Content starts
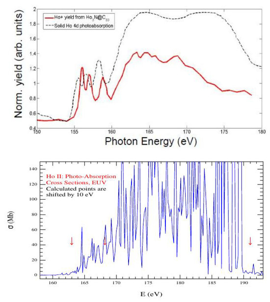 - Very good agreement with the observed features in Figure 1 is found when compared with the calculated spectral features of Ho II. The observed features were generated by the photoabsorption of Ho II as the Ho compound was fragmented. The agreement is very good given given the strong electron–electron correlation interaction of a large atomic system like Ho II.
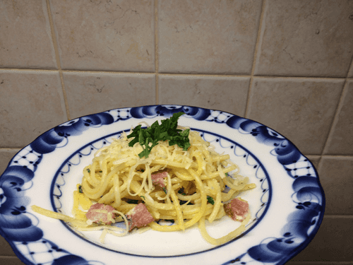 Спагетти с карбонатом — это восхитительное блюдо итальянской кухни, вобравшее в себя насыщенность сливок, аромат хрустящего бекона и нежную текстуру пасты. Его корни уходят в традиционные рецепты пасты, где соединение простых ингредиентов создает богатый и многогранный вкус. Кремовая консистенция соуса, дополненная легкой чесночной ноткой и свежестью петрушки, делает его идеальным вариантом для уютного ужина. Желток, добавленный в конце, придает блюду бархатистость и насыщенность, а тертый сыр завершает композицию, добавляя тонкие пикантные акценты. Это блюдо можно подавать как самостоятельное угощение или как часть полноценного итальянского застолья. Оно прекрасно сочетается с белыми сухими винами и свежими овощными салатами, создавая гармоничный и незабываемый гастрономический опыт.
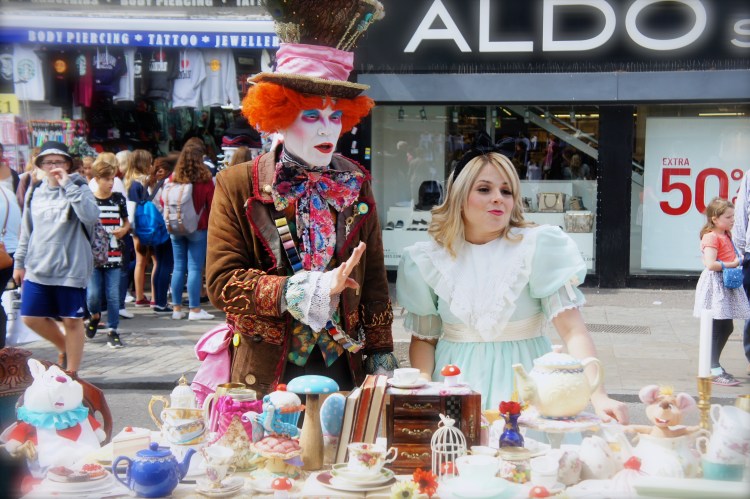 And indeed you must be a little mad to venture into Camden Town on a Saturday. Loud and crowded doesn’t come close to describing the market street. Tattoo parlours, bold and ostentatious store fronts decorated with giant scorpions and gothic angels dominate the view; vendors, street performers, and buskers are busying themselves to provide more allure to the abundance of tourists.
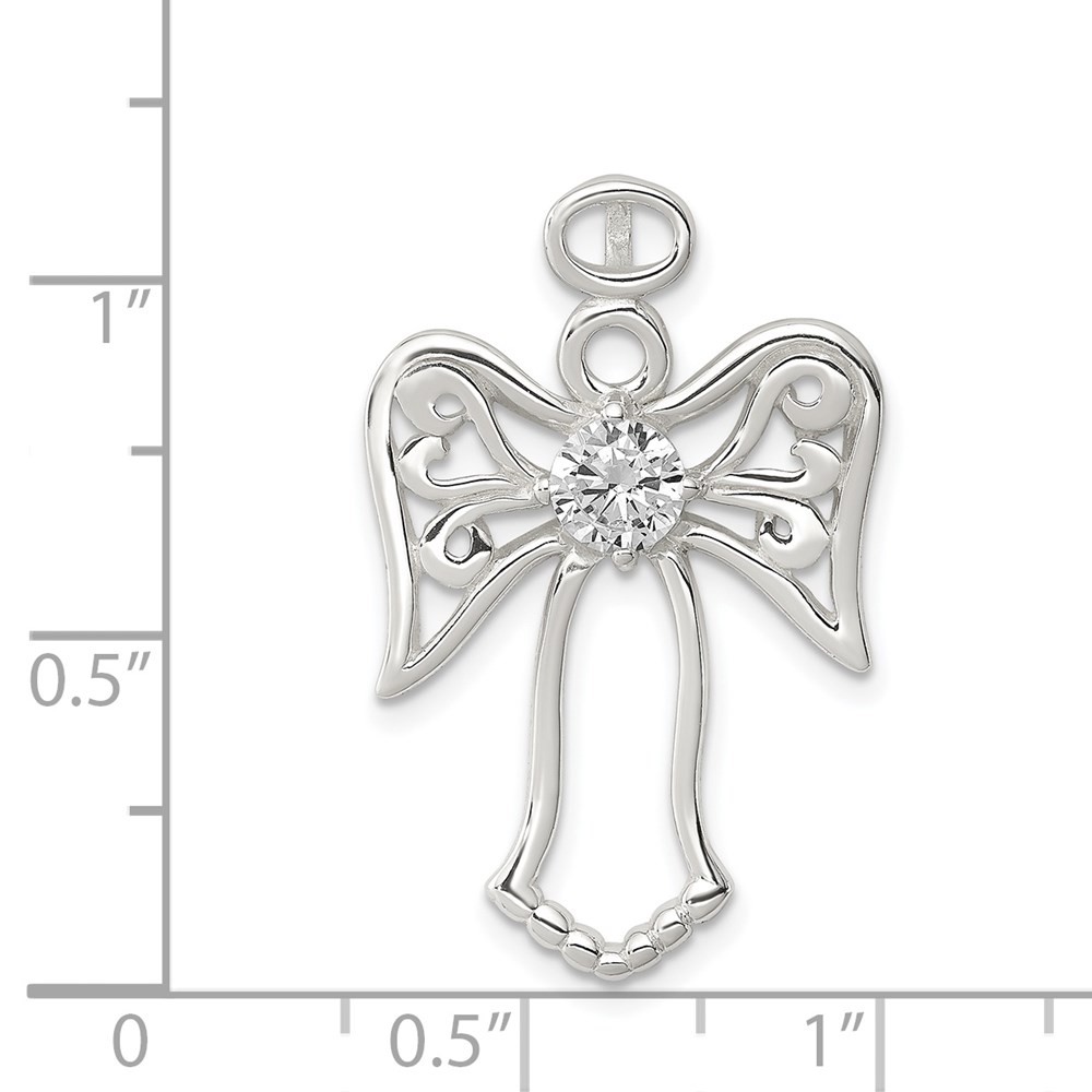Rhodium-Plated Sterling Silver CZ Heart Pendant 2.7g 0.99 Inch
Content ends
▶ [Directions for this task]
Restate the data word for word from its first line through the line with "And indeed you", leaving out any picture along the way.

▶ [Problem solution]
 - Very good agreement with the observed features in Figure 1 is found when compared with the calculated spectral features of Ho II. The observed features were generated by the photoabsorption of Ho II as the Ho compound was fragmented. The agreement is very good given given the strong electron–electron correlation interaction of a large atomic system like Ho II.
 Спагетти с карбонатом — это восхитительное блюдо итальянской кухни, вобравшее в себя насыщенность сливок, аромат хрустящего бекона и нежную текстуру пасты. Его корни уходят в традиционные рецепты пасты, где соединение простых ингредиентов создает богатый и многогранный вкус. Кремовая консистенция соуса, дополненная легкой чесночной ноткой и свежестью петрушки, делает его идеальным вариантом для уютного ужина. Желток, добавленный в конце, придает блюду бархатистость и насыщенность, а тертый сыр завершает композицию, добавляя тонкие пикантные акценты. Это блюдо можно подавать как самостоятельное угощение или как часть полноценного итальянского застолья. Оно прекрасно сочетается с белыми сухими винами и свежими овощными салатами, создавая гармоничный и незабываемый гастрономический опыт.
 And indeed you must be a little mad to venture into Camden Town on a Saturday. Loud and crowded doesn’t come close to describing the market street. Tattoo parlours, bold and ostentatious store fronts decorated with giant scorpions and gothic angels dominate the view; vendors, street performers, and buskers are busying themselves to provide more allure to the abundance of tourists.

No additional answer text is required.